»»
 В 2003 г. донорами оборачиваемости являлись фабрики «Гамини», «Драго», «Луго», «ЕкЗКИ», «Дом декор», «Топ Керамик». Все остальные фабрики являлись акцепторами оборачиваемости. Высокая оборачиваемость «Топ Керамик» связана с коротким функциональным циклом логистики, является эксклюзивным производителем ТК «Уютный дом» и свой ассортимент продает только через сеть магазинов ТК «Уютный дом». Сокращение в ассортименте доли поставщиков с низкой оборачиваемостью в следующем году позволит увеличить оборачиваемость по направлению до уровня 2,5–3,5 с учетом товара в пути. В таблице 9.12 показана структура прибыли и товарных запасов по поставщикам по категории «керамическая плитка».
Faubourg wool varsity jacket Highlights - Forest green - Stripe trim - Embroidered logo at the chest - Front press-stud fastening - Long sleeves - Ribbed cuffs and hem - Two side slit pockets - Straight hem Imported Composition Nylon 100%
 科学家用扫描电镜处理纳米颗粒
««
»»
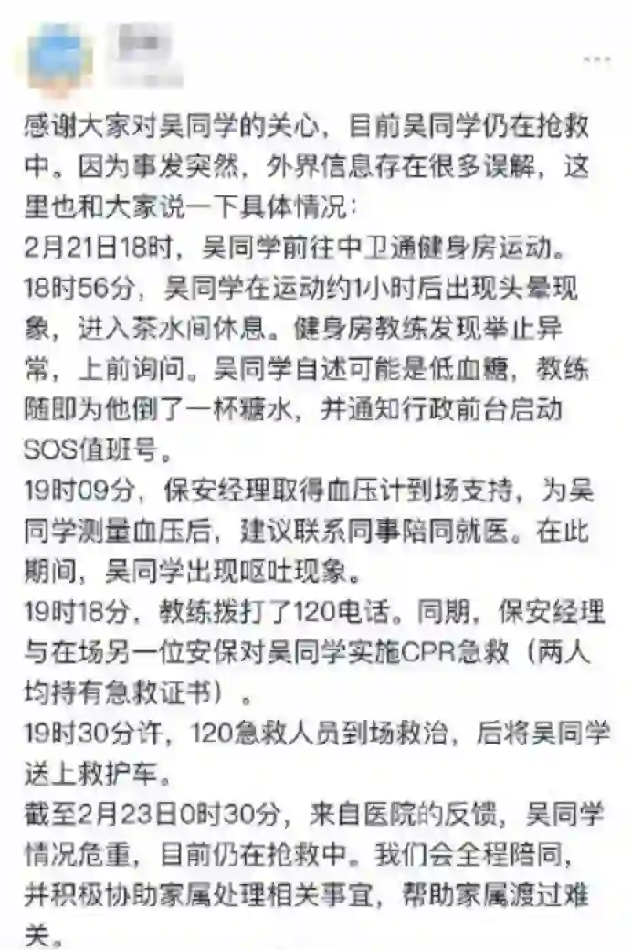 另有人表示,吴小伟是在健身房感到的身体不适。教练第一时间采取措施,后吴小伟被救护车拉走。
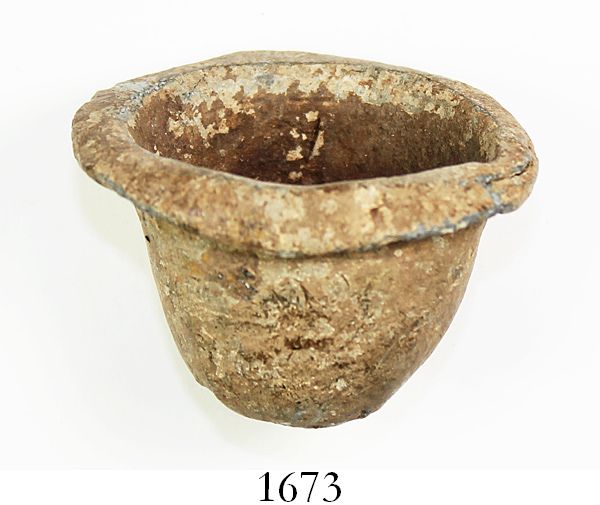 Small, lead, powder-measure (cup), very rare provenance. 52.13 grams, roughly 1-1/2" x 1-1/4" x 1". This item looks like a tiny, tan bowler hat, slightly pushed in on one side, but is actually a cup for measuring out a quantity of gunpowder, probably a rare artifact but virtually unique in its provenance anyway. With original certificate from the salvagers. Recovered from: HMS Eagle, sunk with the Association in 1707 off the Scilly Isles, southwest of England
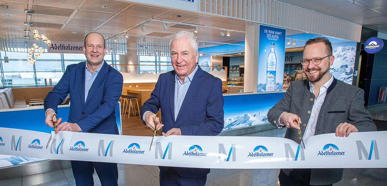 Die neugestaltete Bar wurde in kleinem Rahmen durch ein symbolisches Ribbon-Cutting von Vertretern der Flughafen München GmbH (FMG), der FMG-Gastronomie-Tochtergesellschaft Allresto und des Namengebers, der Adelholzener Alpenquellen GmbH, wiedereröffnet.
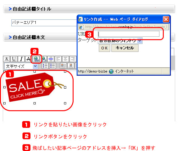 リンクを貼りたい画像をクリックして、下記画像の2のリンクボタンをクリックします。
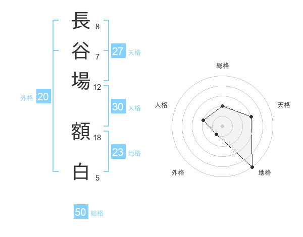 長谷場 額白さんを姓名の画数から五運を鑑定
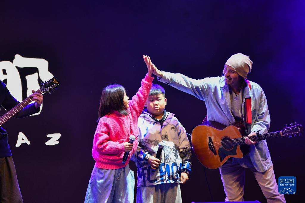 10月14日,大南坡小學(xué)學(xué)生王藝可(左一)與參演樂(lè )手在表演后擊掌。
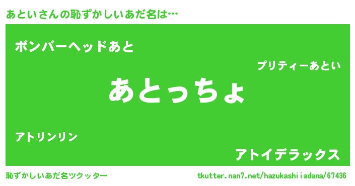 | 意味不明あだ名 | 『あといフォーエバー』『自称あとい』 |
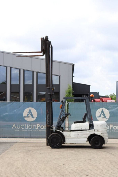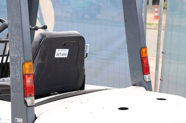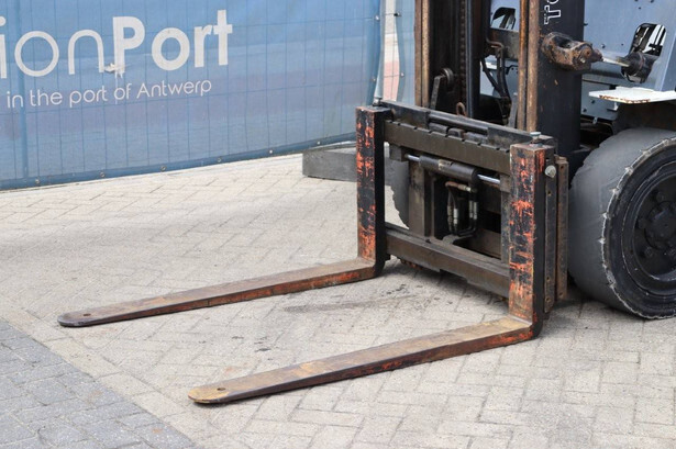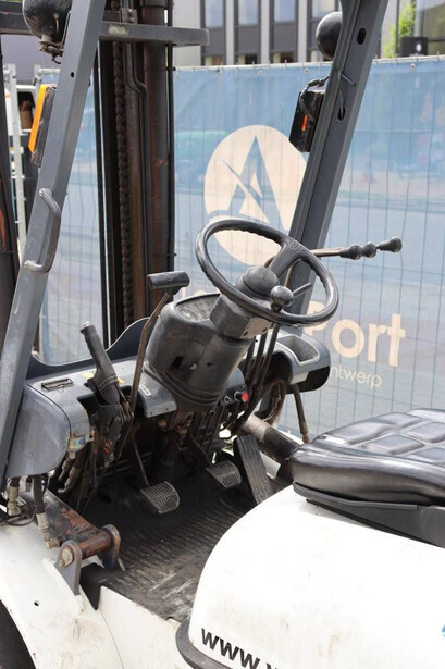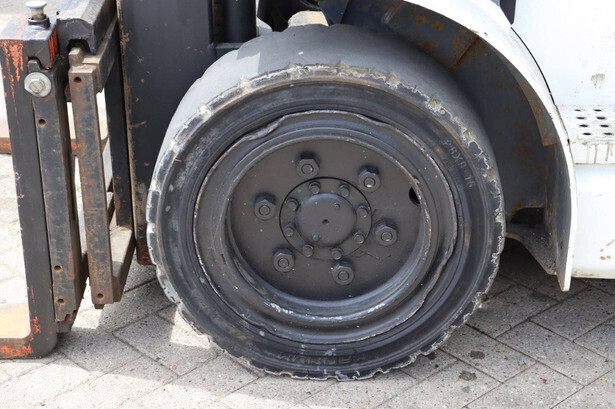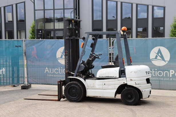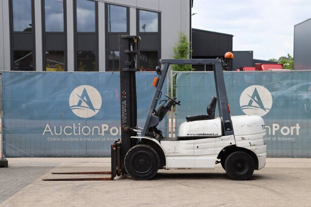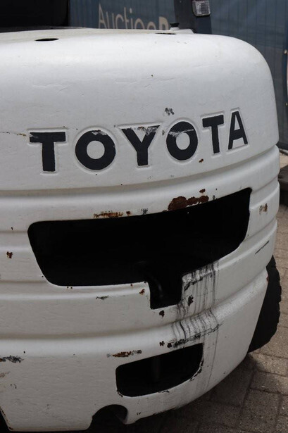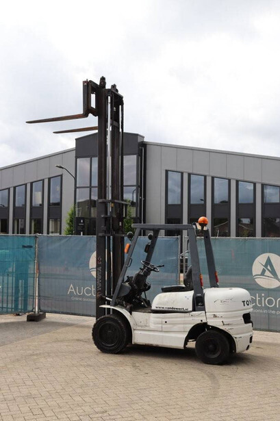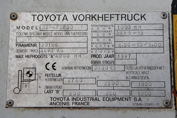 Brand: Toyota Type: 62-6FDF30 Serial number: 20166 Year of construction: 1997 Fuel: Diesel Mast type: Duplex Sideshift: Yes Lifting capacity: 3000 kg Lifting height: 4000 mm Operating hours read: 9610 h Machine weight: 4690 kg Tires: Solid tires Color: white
««
»»
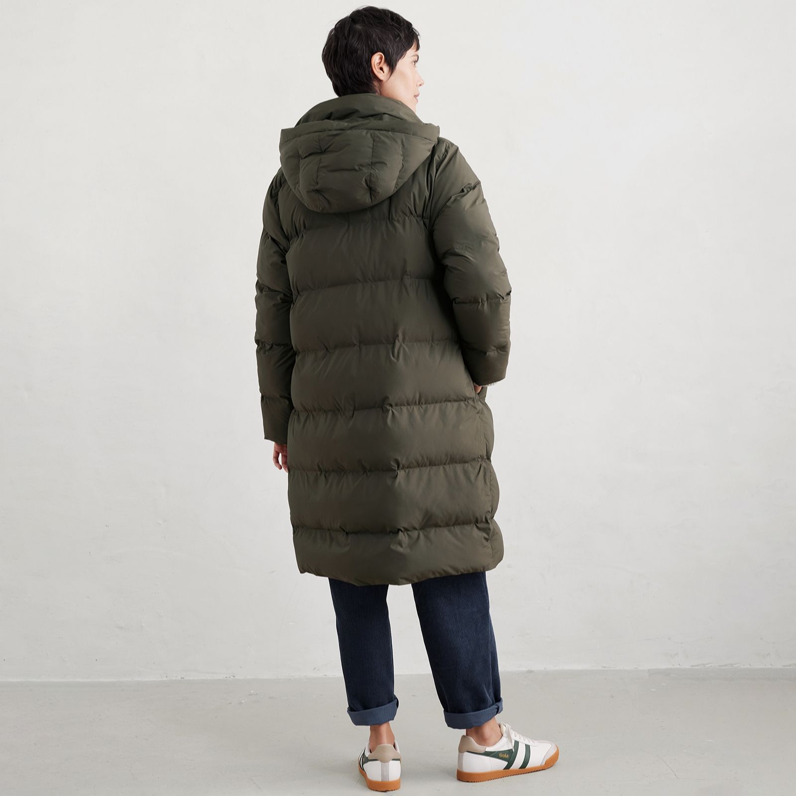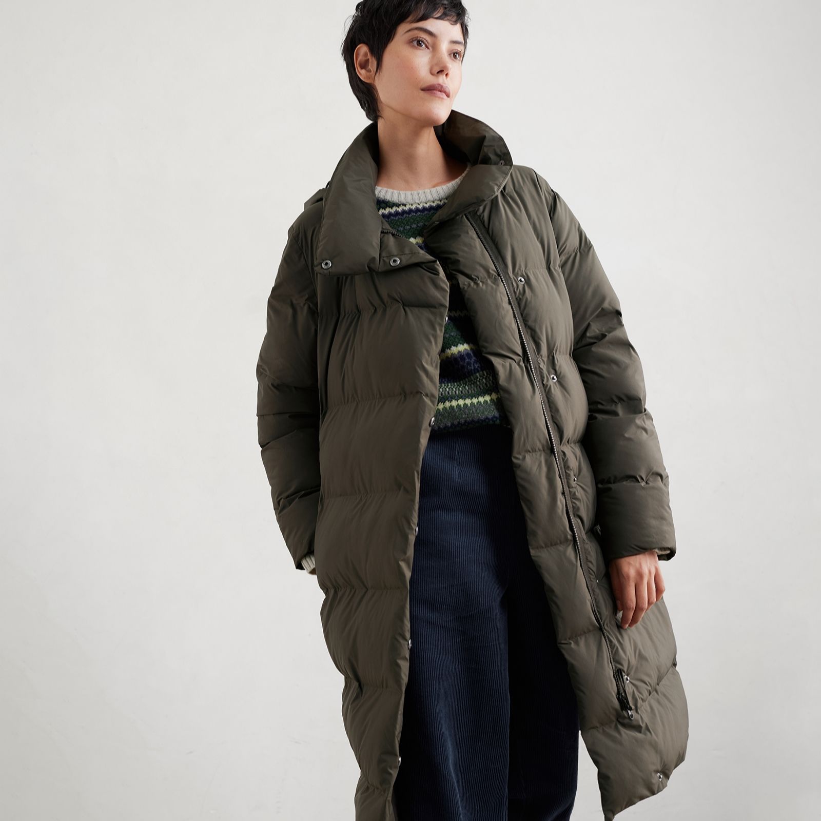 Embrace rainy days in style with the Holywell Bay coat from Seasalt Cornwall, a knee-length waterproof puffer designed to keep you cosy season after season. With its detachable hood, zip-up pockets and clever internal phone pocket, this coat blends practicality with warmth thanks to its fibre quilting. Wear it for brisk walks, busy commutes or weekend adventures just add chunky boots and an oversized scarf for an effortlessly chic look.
««
▸ **To do**
Give back the exact lines above, running from the one that has "意味不明あだ名 | 『あといフォーエバー』『自称あとい』 |" through the one that has "Brand: Toyota Type: 62-6FDF30", with nothing added and no pictures.

▸ **Problem solution**
 | 意味不明あだ名 | 『あといフォーエバー』『自称あとい』 |
 Brand: Toyota Type: 62-6FDF30 Serial number: 20166 Year of construction: 1997 Fuel: Diesel Mast type: Duplex Sideshift: Yes Lifting capacity: 3000 kg Lifting height: 4000 mm Operating hours read: 9610 h Machine weight: 4690 kg Tires: Solid tires Color: white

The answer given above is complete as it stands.